His borrowed secretary was in trouble. He could help her and he’d chosen to do so. That didn’t have to be any big thing, and his relief as Marissa put herself in his hands and allowed him to usher her from the building was simply that of a man who had got his way.
He told himself all this, but the intensity he felt inside didn’t lessen.
In moments he had Marissa out of the office building, into his ground-eating vehicle and away. A glance showed that her face hadn’t regained any colour. She was also utterly silent. ‘Tell me the route.’
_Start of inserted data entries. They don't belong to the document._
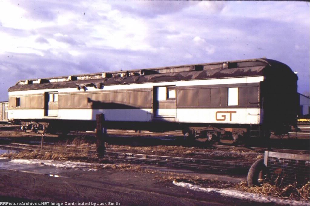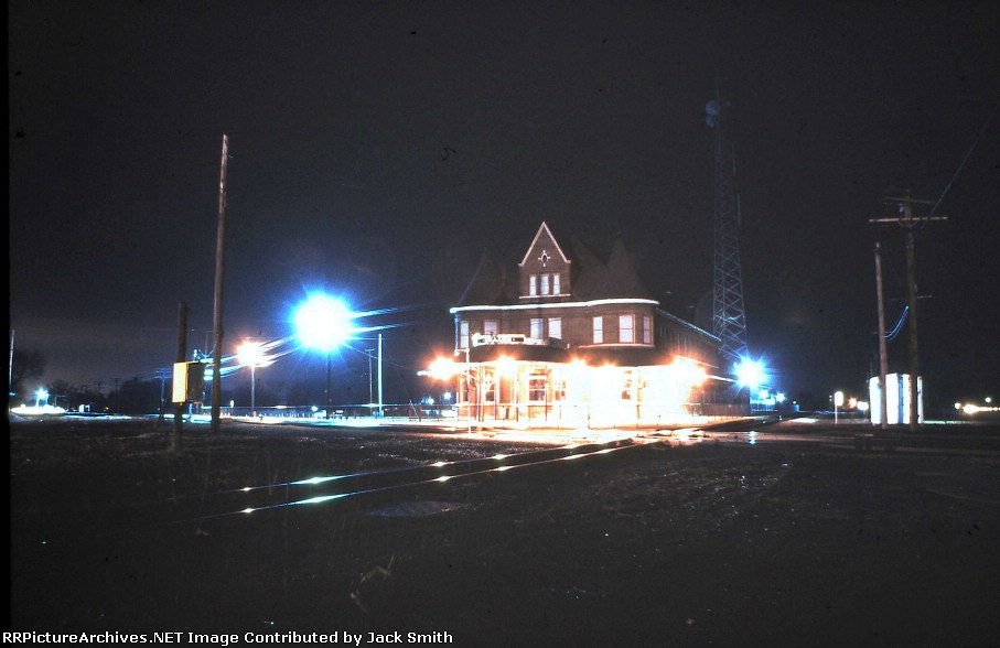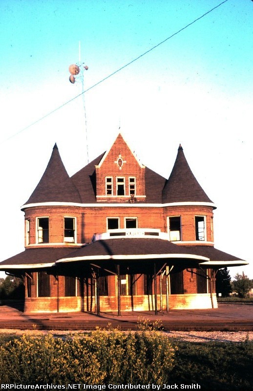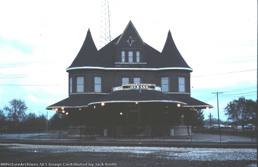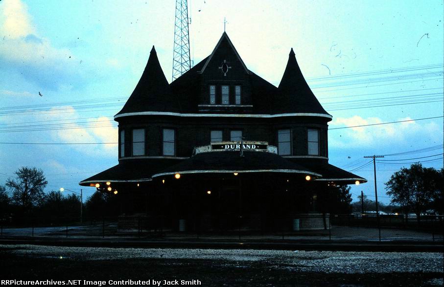 Posed before the impressive Durand, MI, station, this "Pacific" type loco was built in 1912 as a class J-3a with 69" drivers, developing 188.5 psi, had an overall wheelbase of 62.29', and an engine wt 223,000 lb. No date was listed for this very fragile, damaged photo so an arbitrary date was used.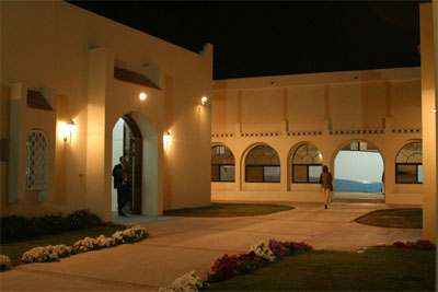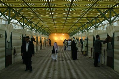 polnischer und russischer Abstammung werden hier in hoher Qualität gezüchtet.Bild links: Stallungen auf Al Shaqab. Im hinteren Gebäude befindet sich das Indoor-Swimming Pool zum Training der Schau- und Endurance-Pferde. |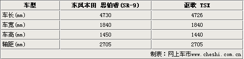 東風本田思鉑睿SR-9的原形車就是本田高端品牌謳歌TSX,因此這兩款車型在車身尺寸上沒有太大的出處,這一點從上表得數據我們就可以看出。東風本田思鉑睿和謳歌TSX在軸距方面完全相同,都是2705mm。因此兩款車型在內部尺寸上不會有太大的差距。思鉑睿和謳歌TSX這兩款車型不僅車身尺寸大致相同,就連設計風格也同出一轍。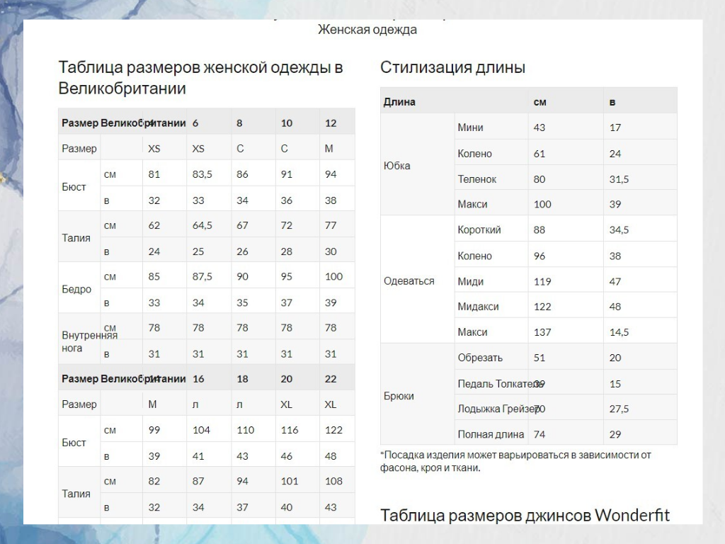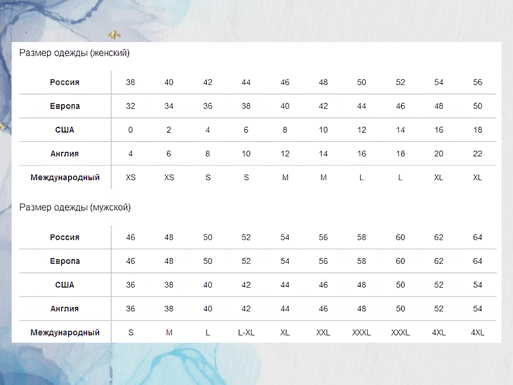 Для начала покажу вам общепринятые соответствия английских , международных и российских размеров.

She gave him the directions and fell silent again.
Rick clenched his hands around the wheel and got them clear of the city. Once he had, he murmured her name and reached for her hand. He curled his fingers around hers and she cast a glance his way.
‘Move into the middle seat so we can talk while I drive.’ He tugged on her hand. ‘You’re going to tell me everything your father said, the name of the hospital your mother is in and all you know about her situation.’
She obeyed him without question, and that told him, more clearly than anything else, the extent of her concern for her mother.